━━━ DATA SEGMENT

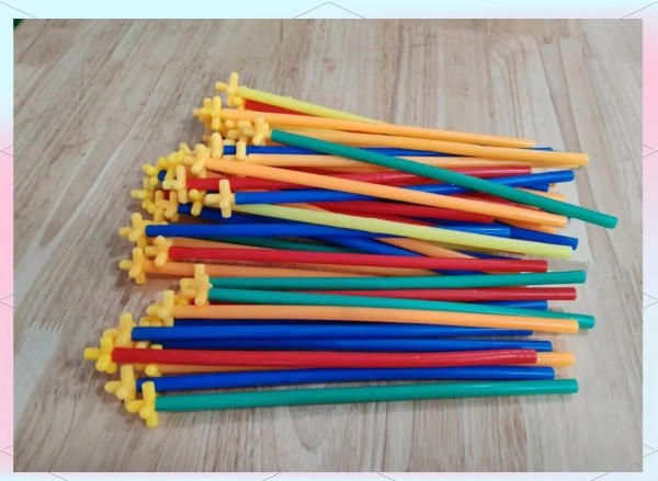 咦,你发现了吗?每根吸管上都巧妙地配有一个黄色小插头,通过与这些插头的巧妙连接,我们能够创造出无数别具一格的造型,吸管与插头的连接展示了无限造型的可能,是不是既有趣又富有创意呢?
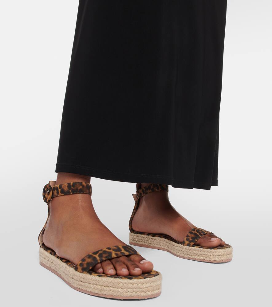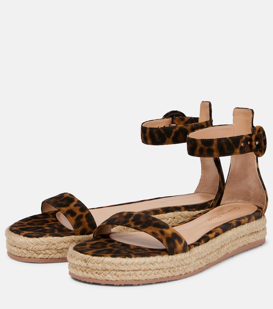 Toe shape: round open toe. Trim: jute. Sole: leather insole, rubber sole. Comes with dust bag. Designer color name: Leopard Suede. Upper: goat leather. Comes with a box. Closure: buckle-fastening ankle strap. Made in Italy. Shop the latest Gianvito Rossi Flat Espadrilles for women now.
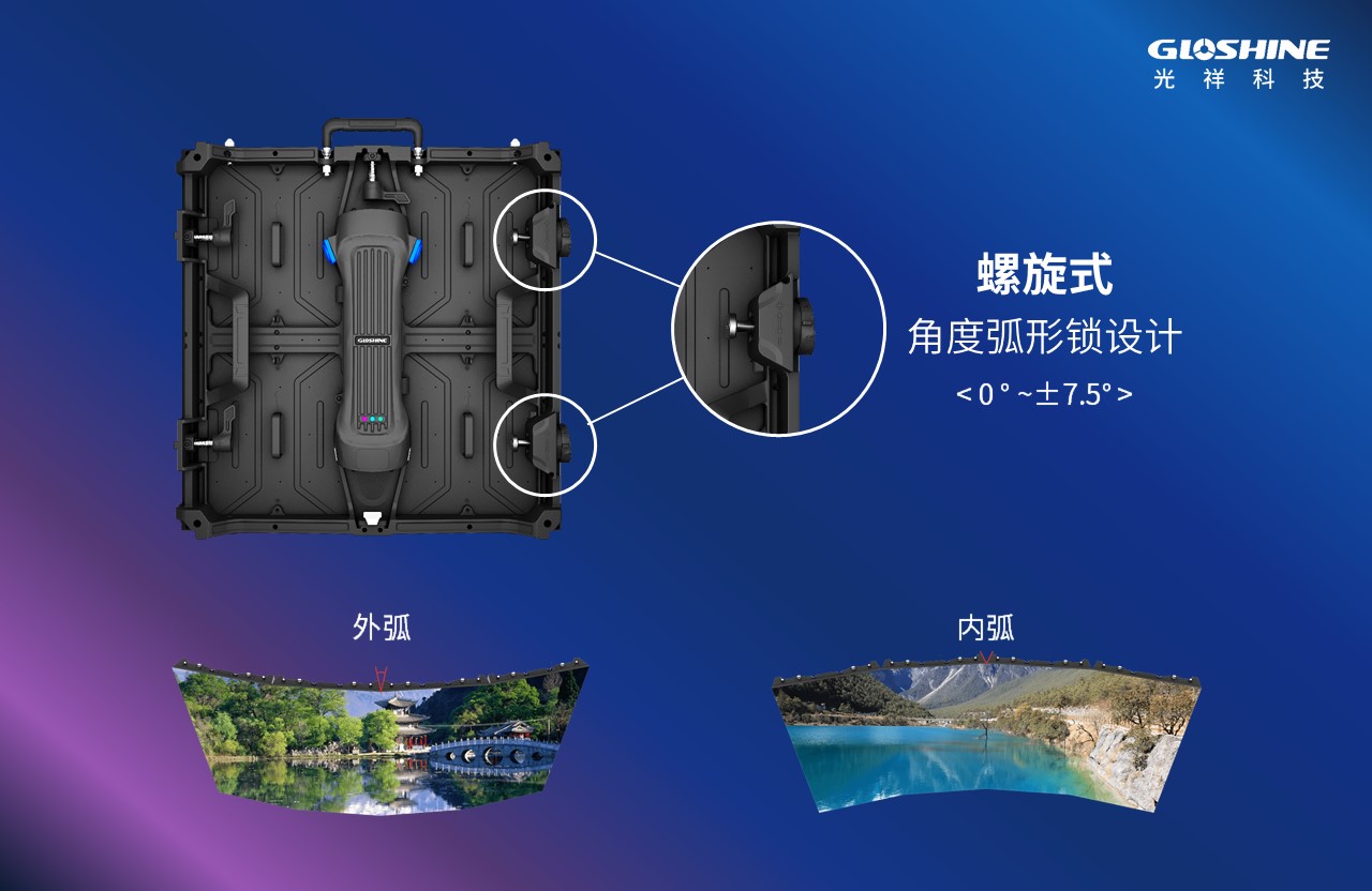 PL系列箱體有著上下兩個獨特的螺旋式角度弧形鎖,每旋轉一次實現2.5°內外弧調節,單向三次撥動實現最大±7.5°造型,使用拉桿結構進行鎖定。

━━━━━━

TASK
Copy out the whole listing exactly, and don't carry over any pictures.

EXERCISE OUTPUT
 咦,你发现了吗?每根吸管上都巧妙地配有一个黄色小插头,通过与这些插头的巧妙连接,我们能够创造出无数别具一格的造型,吸管与插头的连接展示了无限造型的可能,是不是既有趣又富有创意呢?
 Toe shape: round open toe. Trim: jute. Sole: leather insole, rubber sole. Comes with dust bag. Designer color name: Leopard Suede. Upper: goat leather. Comes with a box. Closure: buckle-fastening ankle strap. Made in Italy. Shop the latest Gianvito Rossi Flat Espadrilles for women now.
 PL系列箱體有著上下兩個獨特的螺旋式角度弧形鎖,每旋轉一次實現2.5°內外弧調節,單向三次撥動實現最大±7.5°造型,使用拉桿結構進行鎖定。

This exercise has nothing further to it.